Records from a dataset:
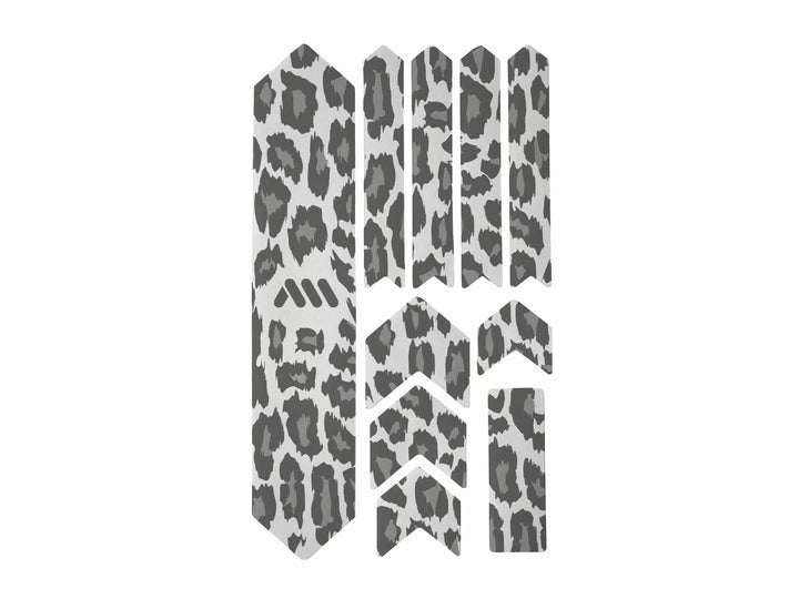 The AMS Honeycomb Frame Guard protects bike frames from impacts, scratches and cable rubbing., It's made of an exclusive, super easy to install, honeycomb adhesive PVC with such a quality that will last longer than your bike., Designed for universal fitting., High impact and rub resistance honeycomb 380 microns semi-rigid PVC., Automotive-grade materials. Won't yellow over time., Minimum weight (28 grams / 0.98 ounces)., Scope of Delivery: 10 parts for a universal protection system: 1 big part for the down tube; 4 arrow parts for extending the down tube protection or top tube, 4 parts for the chainstay; 1 rectangle for cable wear protection or other uses., This product is designed and produced in Barcelona by riders, for riders!
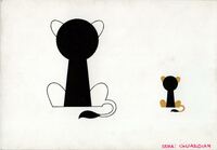 Guardián Sobre un fondo blanco se han dibujado a dos gatos sentados y de espalda. El de la derecha, blanco y negro, es de un tamaño mayor que el de al izquierda, negro y marrón. La forma del soporte es rectangular y en letras rosas se ha titulado el dibujo como guardián.
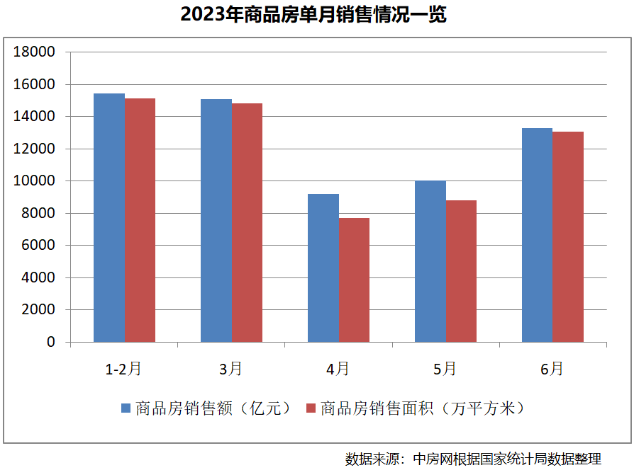 從單月銷售情況來看,根據(jù)國家統(tǒng)計局數(shù)據(jù)拆分后測算,6月份商品房銷售面積為13075萬平方米,環(huán)比上漲48.51%,同比下降28.10%。商品房銷售額13305億元,環(huán)比上漲32.56%,同比下降24.98%。
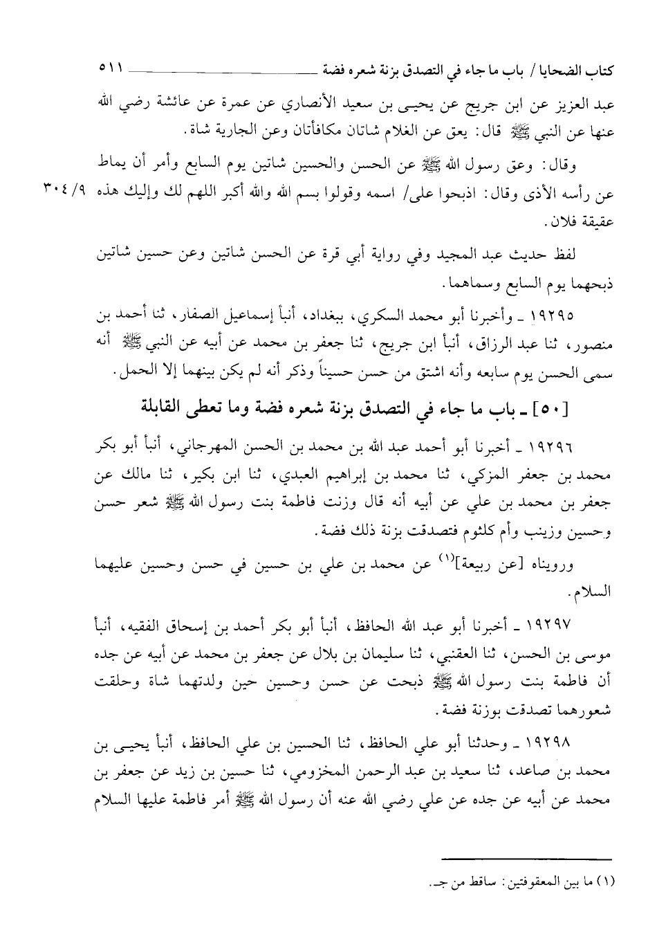 19296 - أَخْبَرَنَا أَبُو أَحْمَدَ عَبْدُ اللهِ بْنُ مُحَمَّدِ بْنِ الْحَسَنِ الْمِهْرَجَانِيُّ، أنبأ أَبُو بَكْرٍ مُحَمَّدُ بْنُ جَعْفَرٍ الْمُزَكِّي , ثنا مُحَمَّدُ بْنُ إِبْرَاهِيمَ الْعَبْدِيُّ، ثنا ابْنُ بُكَيْرٍ، ثنا مَالِكٌ، عَنْ جَعْفَرِ بْنِ مُحَمَّدِ بْنِ عَلِيٍّ، عَنْ أَبِيهِ، أَنَّهُ قَالَ: §وَزَنَتْ فَاطِمَةُ بِنْتُ رَسُولِ اللهِ صَلَّى اللهُ عَلَيْهِ وَسَلَّمَ شَعْرَ حَسَنٍ وَحُسَيْنٍ وَزَيْنَبَ وَأُمِّ كُلْثُومٍ , فَتَصَدَّقَتْ بِزِنَةِ ذَلِكَ فِضَّةً. وَرُوِّينَاهُ عَنْ رَبِيعَةَ عَنْ مُحَمَّدِ بْنِ عَلِيِّ بْنِ حُسَيْنٍ فِي حَسَنٍ وَحُسَيْنٍ عَلَيْهِمَا السَّلَامُ
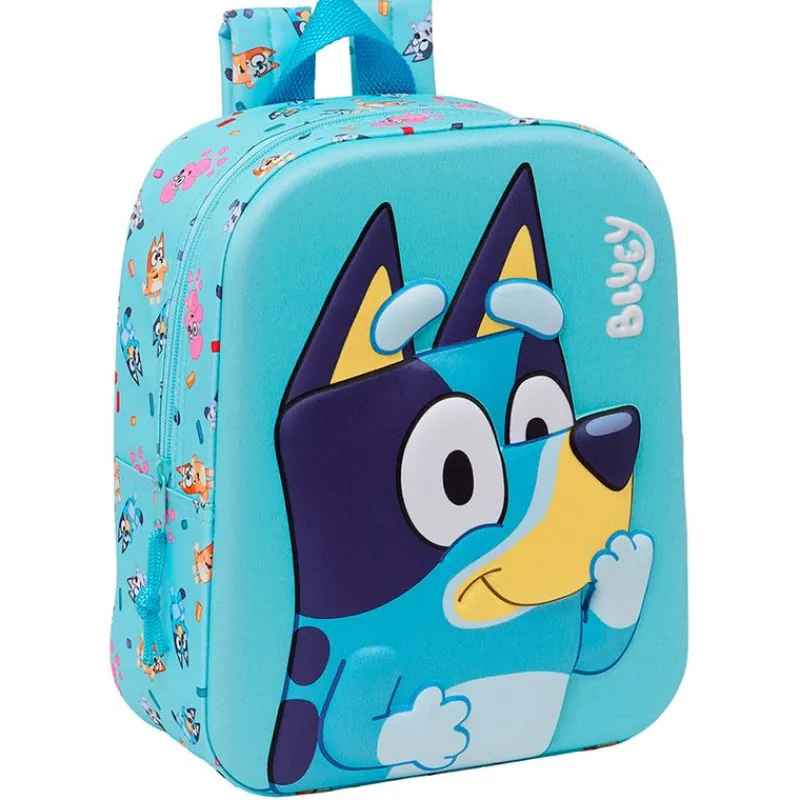 Mochila para guardería con diseños 3D inspirada en la serie de animación Bluey.
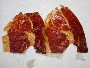 Sacar el jamón, y escurrir el aceite que suelta sobre papel de cocina.
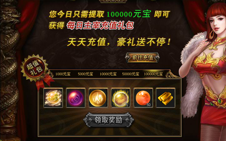 新增每日充值主宰礼包,每日充值10万元宝可以领取,更多福利更超值奖励,更有珍贵的高级能量丹、经验丹(特大)等,超级吸引的有木有!
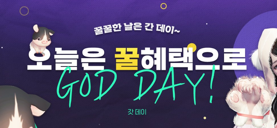 이벤트의 이름은 GOD DAY! 라는 이벤트인데요, 이 이벤트로 <꼬마 돼지> 3종 세트와 꿀보상을 획득할 수 있답니다.
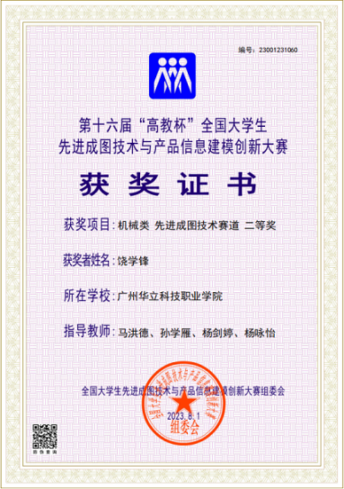 陳曉鋒同學為2024屆畢業(yè)模具設計與制造專業(yè)畢業(yè)生,目前留校擔任科研助理一職。在校期間考取了數(shù)控銑四級工和二級制圖員。
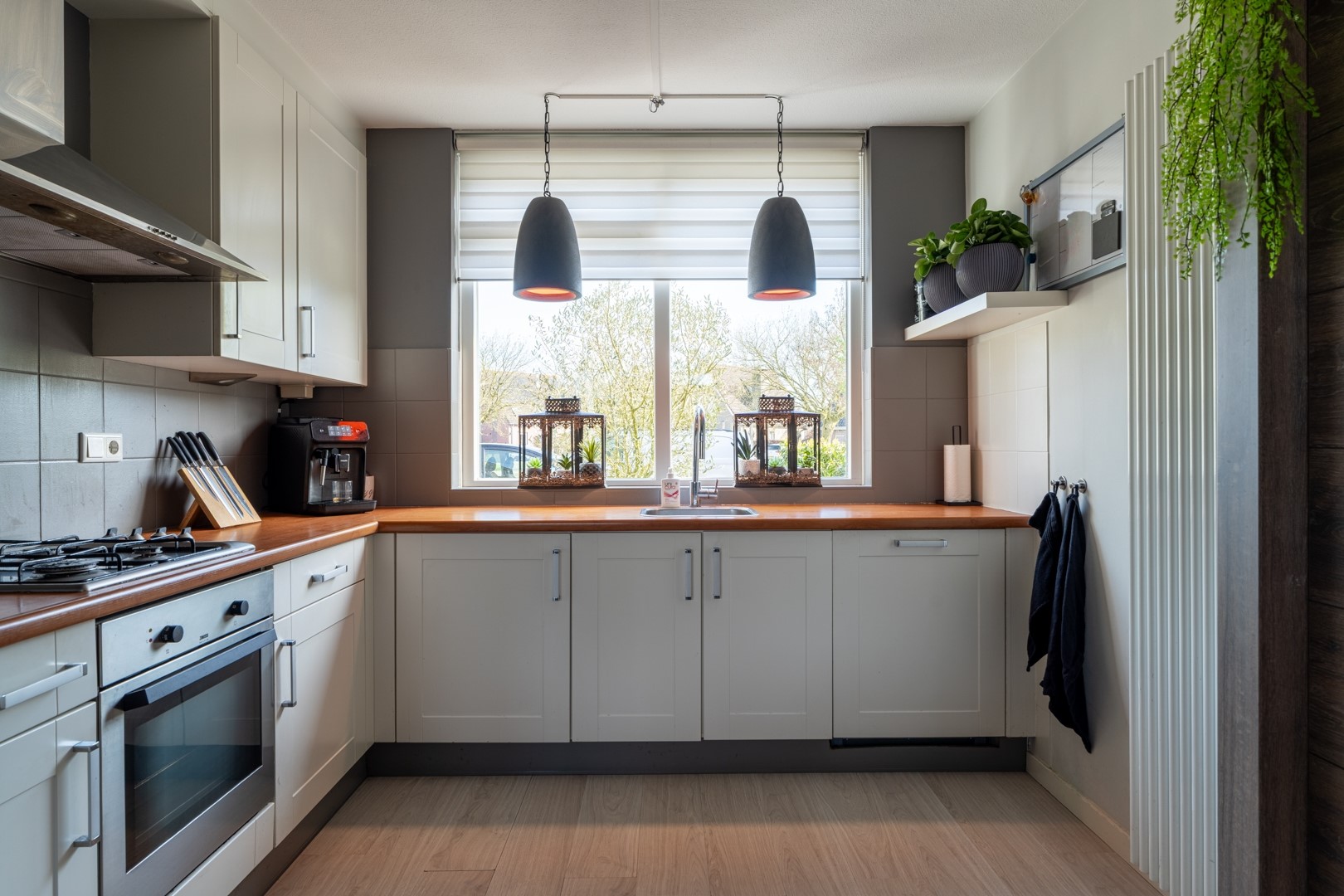 De keuken ligt aan de voorzijde en heeft een fijne hoekopstelling. Alles wat je nodig hebt is er: gaskookplaat, rvs afzuigkap, vaatwasser, oven en een koel/vriescombi (ter overname). Hier kook je makkelijk je favoriete meals of mix je iets snels in elkaar.
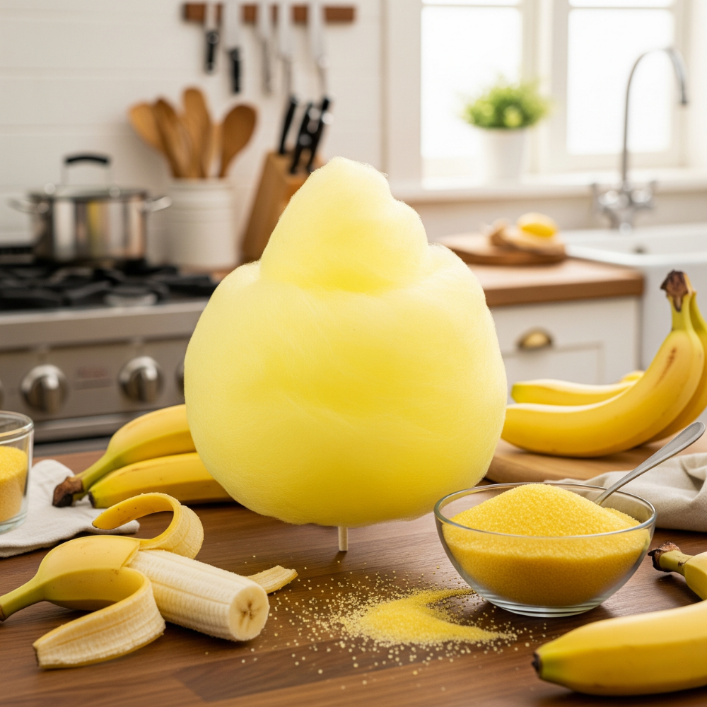Applications: Compatible with standard cotton candy machines, this product allows you to spin soft, banana-flavored cotton candy in just minutes. Simply load the sugar into the machine, and collect the delicate strands as they form to create a fun and flavorful treat.
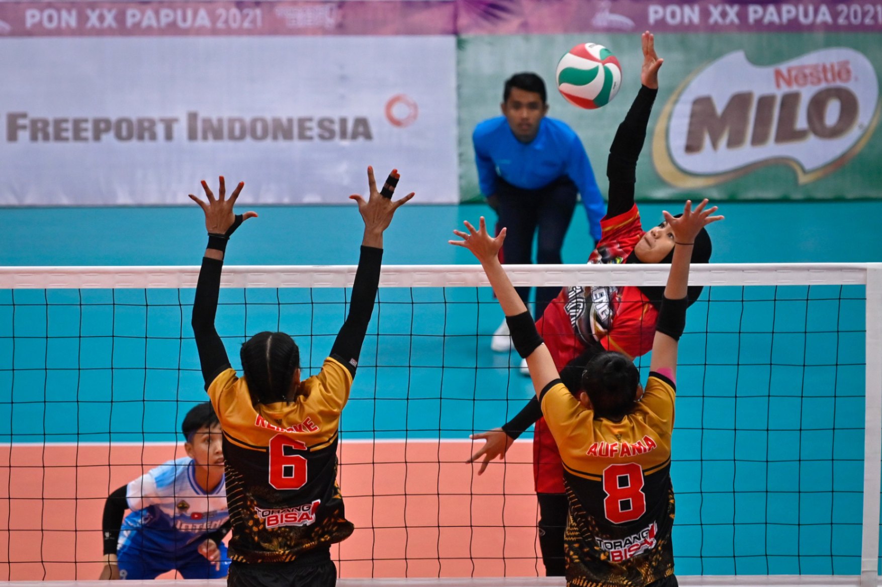 Foto: Tim voli indoor putri Papua saat bermain melawan Jawa Tengah – PB PON Papua/Hariandi Hafid
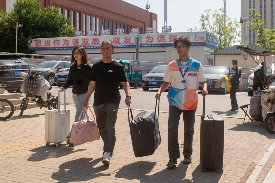学长学姐肩扛手提帮运行李
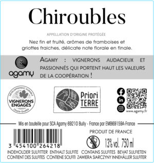Chiroubles, appellation élégante et fruité, ce 100% gamay pourra être mis autant sur vos apéritfs que sur vos repas.
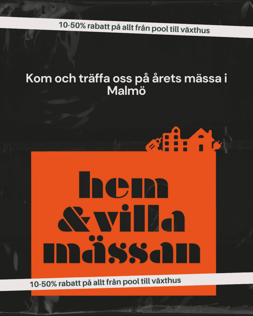 I samband med Hem & Villamässan i Malmö har vi massor med nedsatta produkter på tvärs av hela vårt breda sortiment. Allt för dig som är ute efter en ny pool eller renovera en gammal till dig som vill förgylla din utemiljö med växthus, bastu och nya utemöbler. Kom och besök oss i monter E:29 (utemöbler, växthus och grillar) och E:43 (pool, spa och bastu).
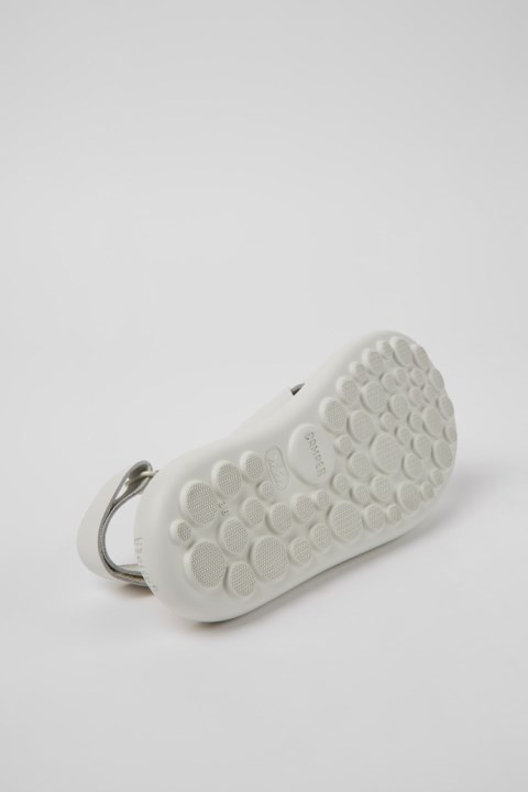 Anatomik çıkarılamayan EVA Tabanlıklara Ve XL Extralight Organix 3.0 Dış Tabanlı (%30 Biyosirküler Bileşik) Beyaz Deri Kadın Sandaleti. Hacmi Tasarım Sadeliğiyle Birleştiren Pelotas Flota, Rahatlık Ve Yastıklama Sunan Doğal Tabanlı Bir Dış Tabana Sahiptir.
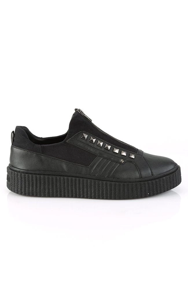 Half skate shoe, half wicked creeper. Demonia Sneekers are a comfy shoe with an edge.

**EXERCISE DETAILS**
Taking the entries above, extract every line from the one bearing "Sacar el jamón, y" through the one bearing "陳曉鋒同學為2024屆畢業(yè)模具設", exactly, with no pictures.

**OUTPUT FOR THIS TASK**
 Sacar el jamón, y escurrir el aceite que suelta sobre papel de cocina.
 新增每日充值主宰礼包,每日充值10万元宝可以领取,更多福利更超值奖励,更有珍贵的高级能量丹、经验丹(特大)等,超级吸引的有木有!
 이벤트의 이름은 GOD DAY! 라는 이벤트인데요, 이 이벤트로 <꼬마 돼지> 3종 세트와 꿀보상을 획득할 수 있답니다.
 陳曉鋒同學為2024屆畢業(yè)模具設計與制造專業(yè)畢業(yè)生,目前留校擔任科研助理一職。在校期間考取了數(shù)控銑四級工和二級制圖員。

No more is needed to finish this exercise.